Draft Document for Review April 7, 2004 6:15 pm

6947ch02.fm

When activated, a logical partition can use memory resources located in any book. No matter in which book the memory resides, a logical partition has access to that memory if so allocated. Despite the book structure, the z990 is a Symmetric Multi-Processor (SMP).

Each memory card has two memory ports, and each port can access 128 bits (16 bytes). Actually, the data access path is 140 bits wide, allowing for sophisticated sparing and error-checking functions. Each port is capable of four fetch and four store operations concurrently.

Memory upgrade is concurrent when it requires no change of the physical memory card. A memory card change is disruptive.

Memory sparing

The z990 does not contain spare memory DIMMs. Instead, it has redundant memory distributed throughout its operational memory and these are used to bypass failing memory. Replacing memory cards requires the removal of a book and this is disruptive. The extensive use of redundant elements in the operational memory greatly minimizes the possibility of a failure that requires memory card replacement.

Memory upgrades

For a model upgrade that results in the addition of a book, a minimum of additional memory is added to the system. Remember, the minimum physical memory size in a book is 16 GB. During a model upgrade, addition of a book is a concurrent operation. The addition of the physical memory that is in the added book is also concurrent.
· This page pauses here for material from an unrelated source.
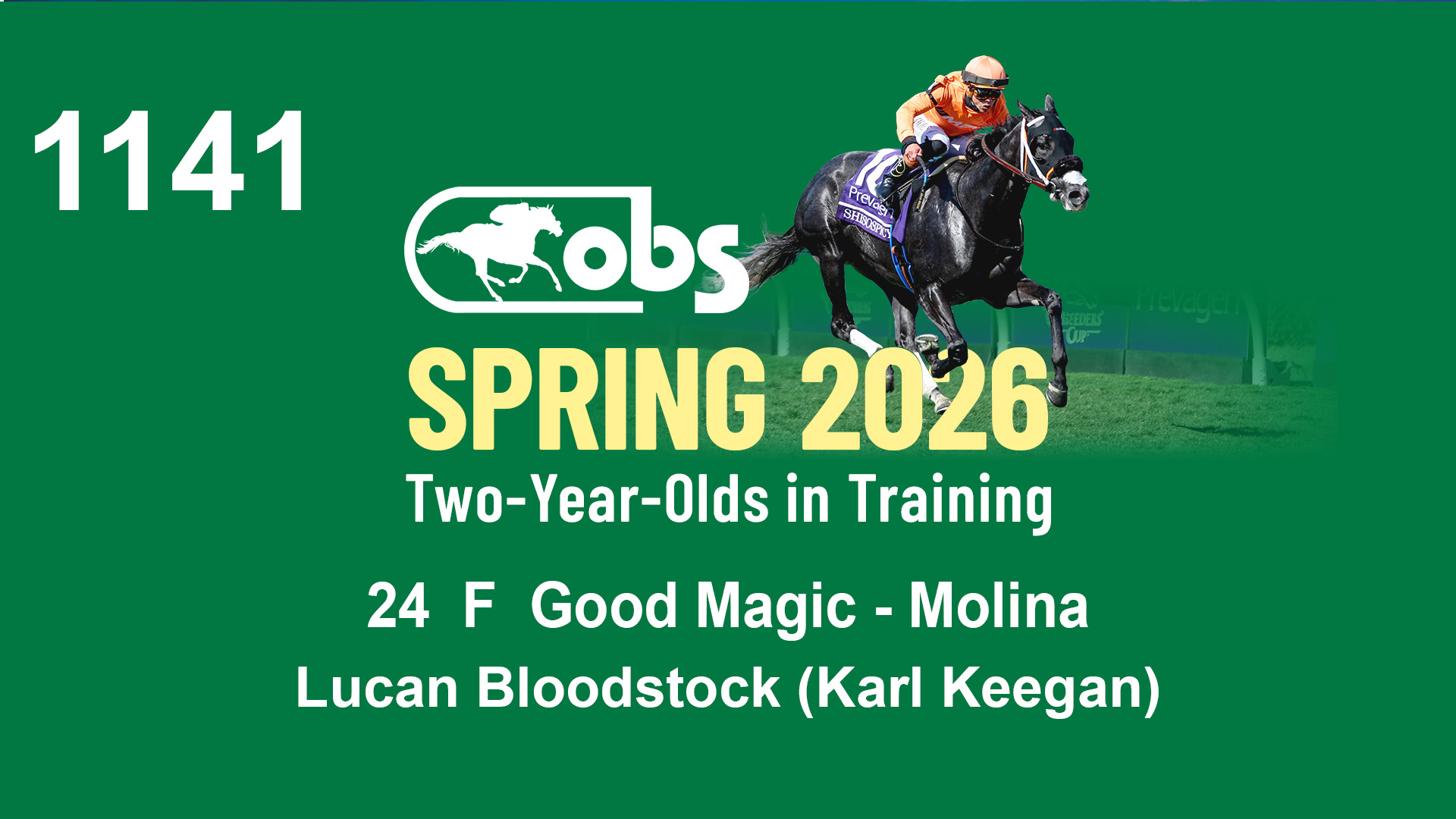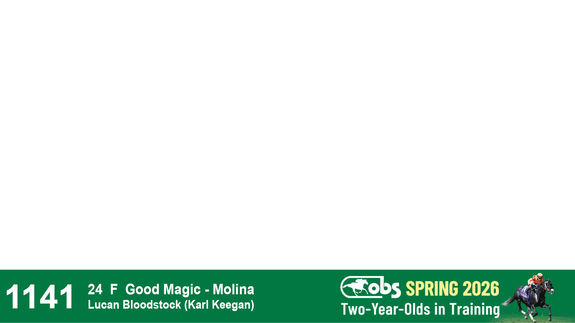| 1141 | Slate | Lower-Third | 1/13/2024 | F | Good Magic | Molina | Lucan Bloodstock (Karl Keegan), Agent | 1146 | 462 | 728 | 569 | |

If all or part of the additional memory is enabled for installation use, it becomes available to an active logical partition if this partition has reserved storage defined; see “Reserved storage” on page 70 for more detailed information. Or, it may be used by an already defined logical partition that is activated after the memory addition.

Book replacement and memory

When a book must be replaced, for example due to an unlikely MCM failure, the memory in the failing book is removed as well. Until the failing book is replaced, Power-on Reset of the CPC with the remaining books is not supported.

2.1.4 Ring Topology

Concentric loops or rings are constructed such that in a four-book system, each book only is connected to two others, which means that only data transfers or data transactions to the third book require passing through one of the other books.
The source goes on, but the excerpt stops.